Accelerated computing is replacing CPU-only computing as best practice. The litany of breakthroughs driven by accelerated computing, the ever increasing demand for accelerated applications, programming conventions that ease writing them, and constant improvements in the hardware that supports them, are driving this inevitable transition.
At the center of accelerated computing's success, both in terms of its impressive performance, and its ease of use, is the CUDA compute platform. CUDA provides a coding paradigm that extends languages like C, C++, Python, and Fortran, to be capable of running accelerated, massively parallelized code on the world's most performant parallel processors: NVIDIA GPUs. CUDA accelerates applications drastically with little effort, has an ecosystem of highly optimized libraries for DNN, BLAS, graph analytics, FFT, and more, and also ships with powerful command line and visual profilers.
CUDA supports many, if not most, of the world's most performant applications in, Computational Fluid Dynamics, Molecular Dynamics, Quantum Chemistry, Physics and HPC.
Learning CUDA will enable you to accelerate your own applications. Accelerated applications perform much faster than their CPU-only couterparts, and make possible computations that would be otherwise prohibited given the limited performance of CPU-only applications. In this lab you will receive an introduction to programming accelerated applications with CUDA C/C++, enough to be able to begin work accelerating your own CPU-only applications for performance gains, and for moving into novel computational territory.
The aim of the course is to provide an understanding of GPU hardware and a competence in CUDA GPU programming.
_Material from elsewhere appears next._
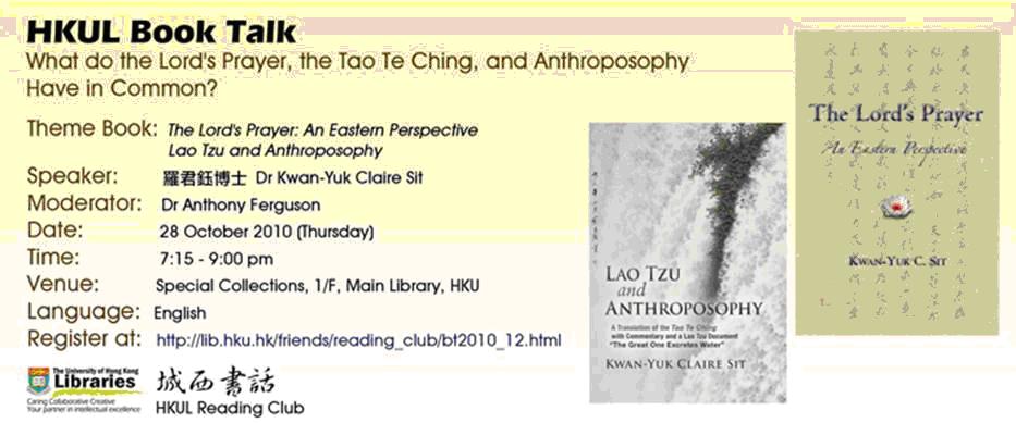 Saying the Lord's Prayer is a daily ritual for many believers and the Tao Te Ching is a popular classic in both the East and the West. A self-taught scholar in religion and philosophy, Professor Sit will introduce Anthroposophy, a study of spirituality founded by the Austrian philosopher Rudolf Steiner (1861-1925) . She will share her personal perception and practical insights of the common teachings of the three, which are explored in her first book on the Lord's Prayer, and her forthcoming book on Lao Tzu and Anthroposophy.

Prior knowledge of CUDA or Parallel programming is not required.
Create an NVIDIA Developer account at http://courses.nvidia.com/join.
Make sure that WebSockets works for you: Test your laptop at http://websocketstest.com (Under ENVIRONMENT, confirm that "WebSockets" is checked yes and under WEBSOCKETS (PORT 80), confirm that "Data Receive", "Send", and "Echo Test" are checked yes).
Dr Jony Castagna is part of the High Performance Software Engineer group at Hartree Centre since 2016. His research is primarily in Turbulent Flow Simulations, Particle Methods for Mesoscale Simulation and HPC. He ported several scientific applications to NVidia multi-GPUs clusters using CUDA language since 2010 when he started working for an Oil & Gas company in London. He recently gained the NVidia Ambassador status from the NVidia Deep Learning Institute and started working with Deep Learning for Computer Vision and Scientific Applications.